C’est une affaire plutôt cocasse, qui s’est réglée au tribunal supérieur des Îles Canaries. Alors qu’une assistante de production d’une société audiovisuelle était en arrêt maladie depuis dix mois, pour une blessure au pied qui a nécessité une opération, son patron est tombé, stupéfait, sur des vidéos qu’elle postait sur les réseaux sociaux. Sous le pseudonyme Virya Cruz, elle y apparaissait en train d’effectuer des chorégraphies en talons hauts, raconte le média espagnol Vox de Galicia, lundi 21 octobre 2024.

YouTube, TikTok, Instagram, Facebook, Twitter… La Canarienne inondait les plateformes de ses chorégraphies, alors que son arrêt s’étendait entre août 2022 et juin 2023, période à laquelle l’entreprise a découvert le pot-aux-roses. Mais ce n’est pas tout : pendant sa période de convalescence, elle a également participé à de nombreux événements publics et manifestations, comme le Pride Day. Dans l’une des vidéos qu’elle a postées, elle assumait y avoir marché avec une douleur «horrible» au pied.
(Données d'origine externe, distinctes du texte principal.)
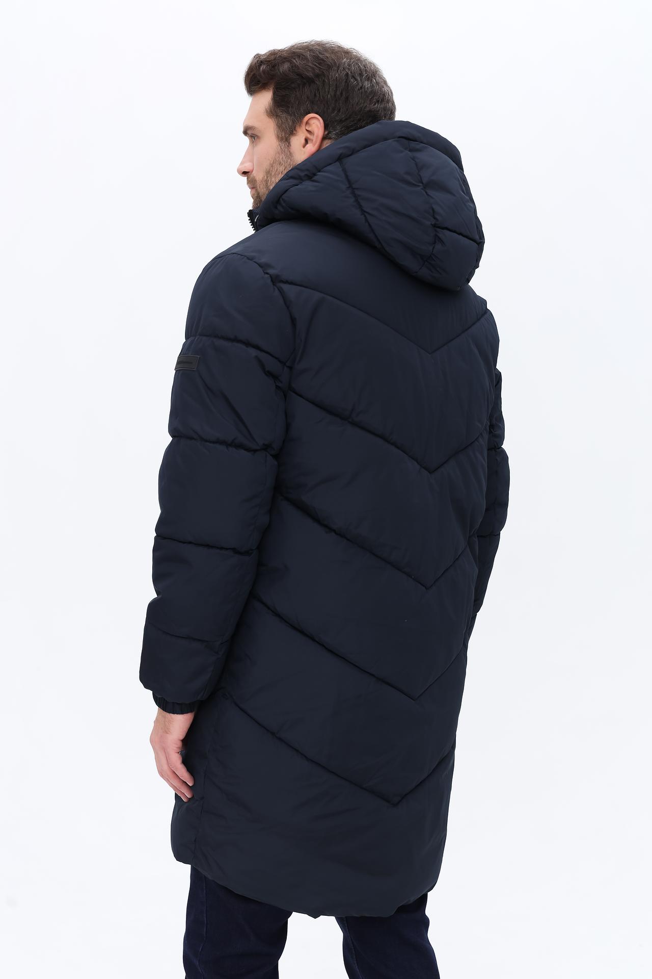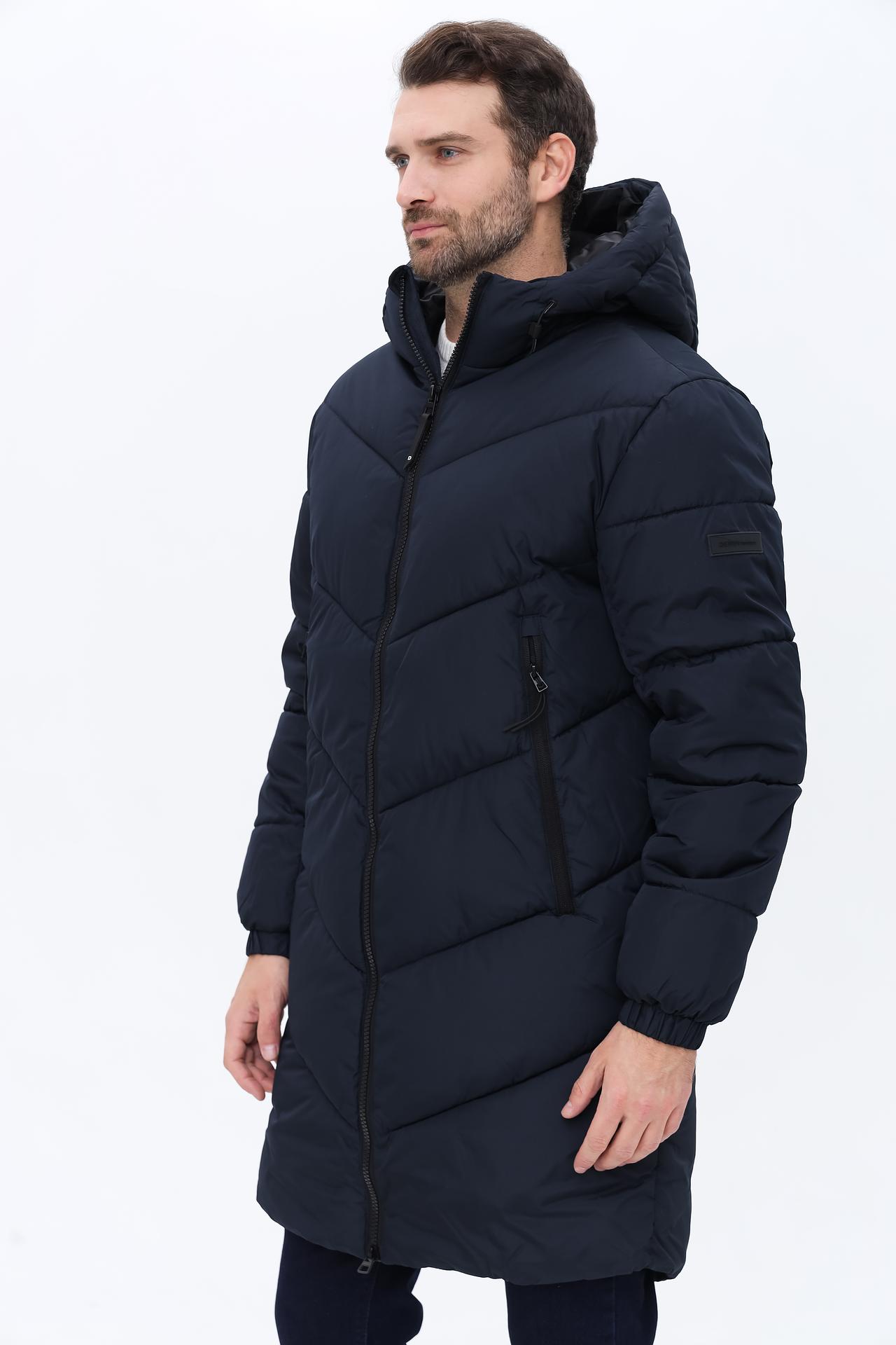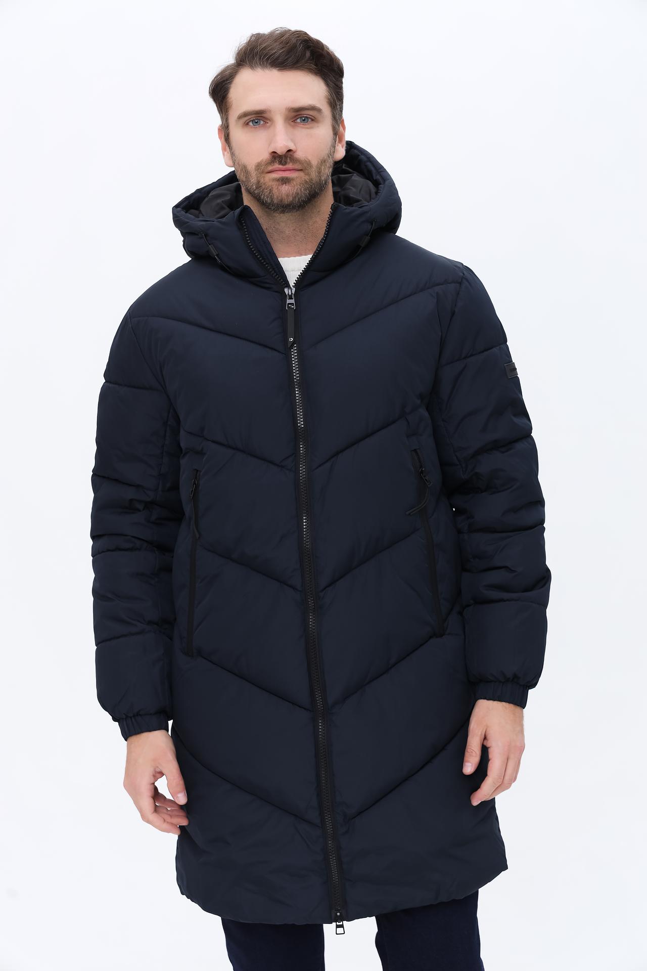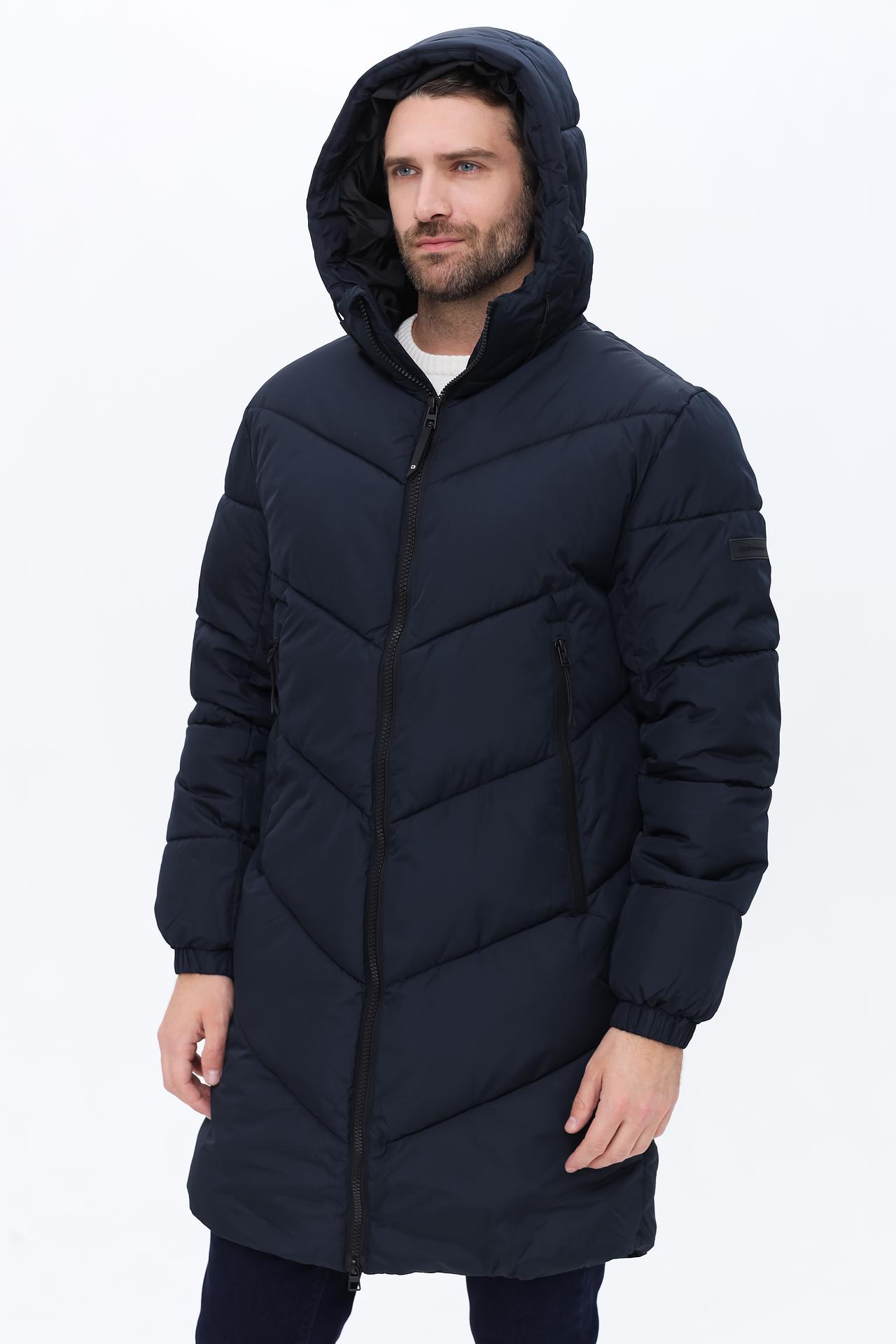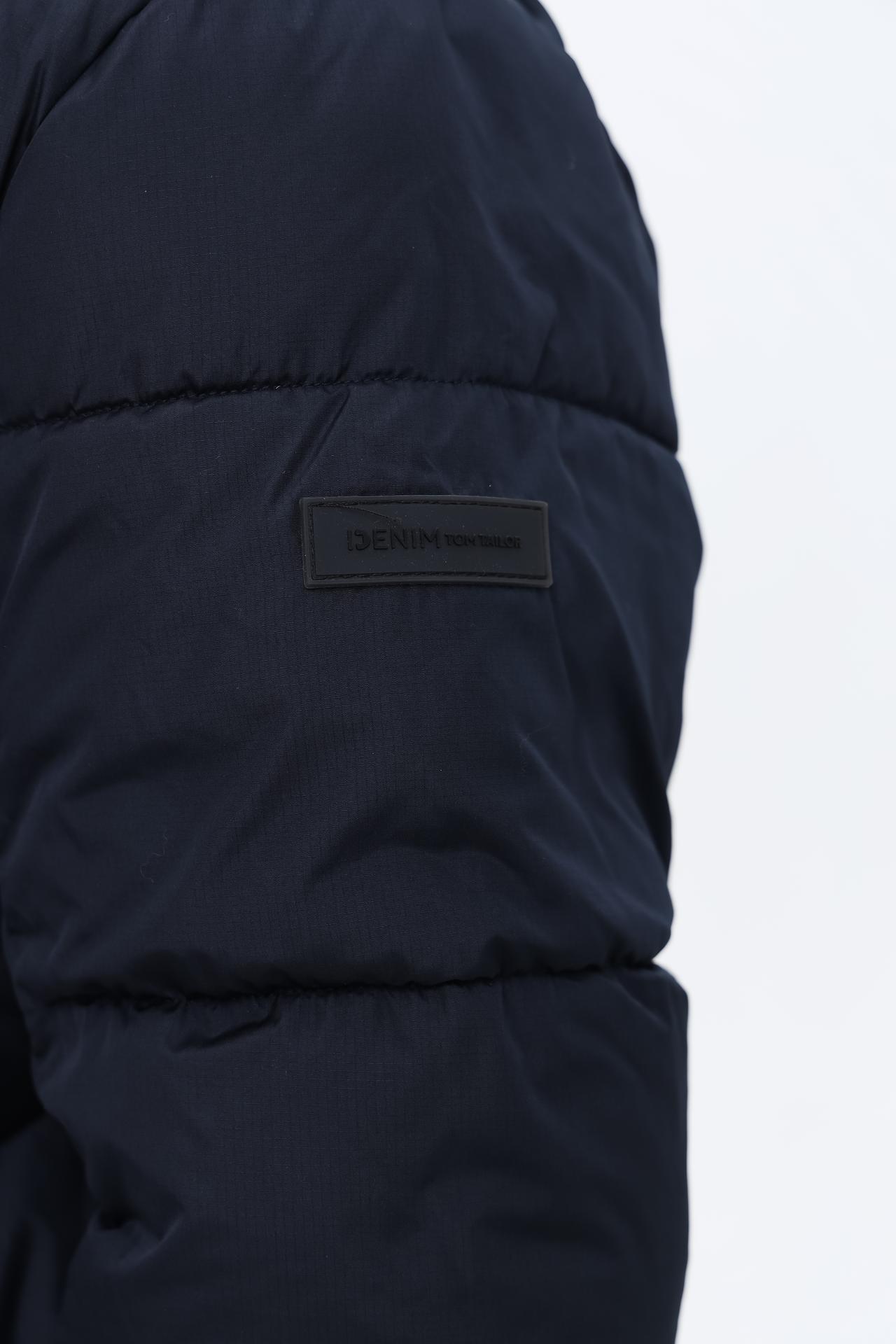 Пальто Tom Tailor длинное стеганное тёмно-синее с капюшоном

Des activités qui, forcément, rallongeaient la durée de guérison.

Des activités incompatibles avec la guérison

Dans le litige qui l’opposait à sa salariée, l’entreprise avait fourni à la justice les rapports médicaux qui stipulaient qu’elle devait se reposer suite à son opération. Après un premier jugement perdu, la Canarienne avait fait appel. Mais devant les faits, le tribunal supérieur de Las Palmas (Grande Canarie) a de nouveau donné raison à l’entreprise. «Danser et sauter avec des talons est incompatible avec la guérison de la pathologie qui affecte le pied et qui implique du repos et de l’immobilisation», a déclaré le juge.

Juste avant que l’entreprise ne découvre ses activités, elle avait également publié des clips musicaux, où on peut également la voir danser en talons. L’affaire ayant fait du bruit en Espagne, ces clips cumulent aujourd’hui plusieurs dizaines de milliers de vues sur YouTube.